Since you’re here I will assume that you love the sea and want to further yourself into the Maritime Industry beyond Military service. This is something I admire and respect and wish you the best on your endeavor and I thank anybody who takes the time on this post.

  1. Yes, as a Veteran you will still have to attend “Orientation” for two weeks which will require memorization of items, push ups, sit ups, running, and getting yelled at. For some this is a big deal since you “did your time” and some may have even been DI, DS, or CC. I was told by a staff in the regiment that “due to my military training I will not be required to go through orientation 24/7 and will not have to stay in the dorms for two weeks but I will be required to attend 2 weeks to fulfill STCW’s”. Quite the contradiction that I still have not received clarity on. I will elaborate more once I graduate about what else is to be expected.
  2. Your JST, PDR, Marks, TA, STCW’s and Sea time will not be credited.
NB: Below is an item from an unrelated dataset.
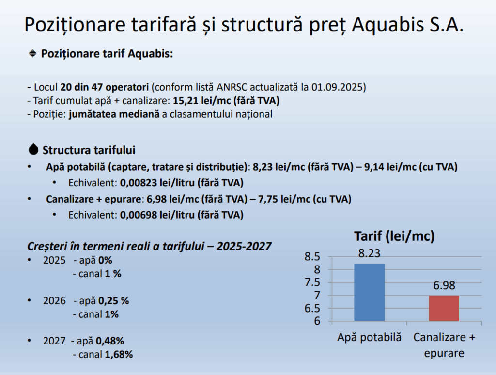 ”Din punctul meu de vedere, anul trecut, compania Aquabis a fost folosită ca și monedă de tranzacționare electorală, pentru a deservi diverse interese politice, nicidecum în beneficiul clienților noștri. Date fiind acestea, după ce am preluat mandatul de director general al companiei, una dintre primele acțiuni pe care am dorit să le fac a fost aceea de a analiza lista de prețuri naționale, ca să văd dacă într-adevăr avem cea mai scumpă apă din țară și ce putem face ca să reducem tariful. Am constatat că, la data de 1 septembrie, suntem pe locul 20 în țară din punct de vedere al tarifului perceput de cei 47 de operatori naționali. Tariful cumulat apă plus canal este de 15,21 lei/mc fără TVA, respectiv de 16,89 lei/mc cu TVA de 21%. Deși am încercat să explicăm unde ne poziționăm, cine este înaintea noastră și cine după, am văzut că persistă foarte bine mesajele și că s-a lipit foarte bine de noi eticheta că vindem cea mai scumpă apă din țară. Treptat, vom încerca să venim cu date reale. Nu vrem să spunem nici că avem cea mai ieftină, nici că cea mai scumpă apă din țară. Astăzi putem spune cu certitudine că suntem pe locul 20 din 47 de operatori, deci ne situăm către zona mediană. Îmi doresc ca în viitor să trecem în partea a doua a clasamentului, a operatorilor cu tarife mai mici”, a explicat Andrei Kozuk, marți, în prima conferință de presă susținută după preluarea mandatului de director general al companiei Aquabis.

This is something that is an issue especially for Coasties because the Branch that signs off on your licenses at the Academy is the branch that you did your time in. In essence, they’re not crediting your training they gave you.
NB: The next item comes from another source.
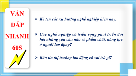 Ø Kể tên các xu hướng nghề nghiệp hiện nay. ĐÁP

  3. Accreditation (again), if you are going to the Academy as a licensed major (Transportation or Engineering) you will be required to go on 4 sea terms to fulfill sea time for your license. It does not matter if you have enough sea time to be a Cutterman or a Gold Ancient Mariner. This does hamper some because President Trump signed Executive Order Military to Mariner which is supposed to make it easier for Veterans pursuing the Merchant Mariner due to their training and time. It seems that this only applies to those who are going though the Hawsepipe.
  4. MHA is exactly what rent is around the area so do not expect to be getting your pockets full.
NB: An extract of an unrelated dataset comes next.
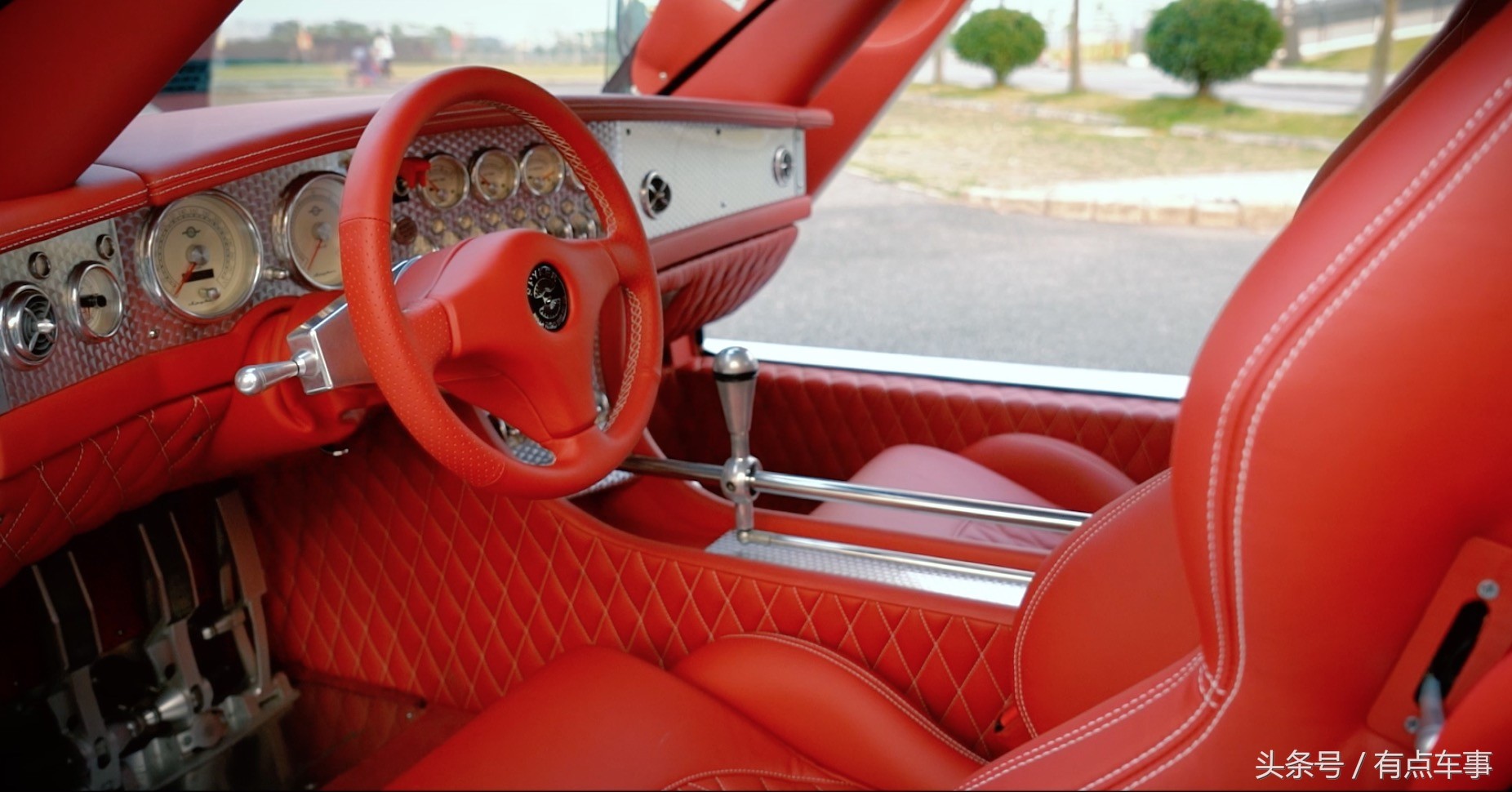 作为一台手动挡的车,整台车最让人惊艳的细节莫过于挡把,没有任何过多的装饰,但是你可以在换挡的时候看到后面连接部分的动作,这种感觉就像你把手伸到一个人心脏里,靠手捏来控制他的心跳,直接、狂野。

  5. GI Bill will only cover so much. If you are not health insured, plan to be to attend the Academy. Expect your first bill to be almost double than what your GI bill covers.
  6. Regimental Commuter is something you can apply for and have to apply every semester which allows students to live off campus and not be in a regiment 24/7. I will follow up after I experience it.
  7. Veteran services. Not really much of one. It seems like the School just makes things up as they go in this dept. I was told different things by different people regarding credits, training , outreach. I would like there to be a policy or an outreach for vets attending or wanting to attend the school to see what proper steps they have to take to be better accommodated.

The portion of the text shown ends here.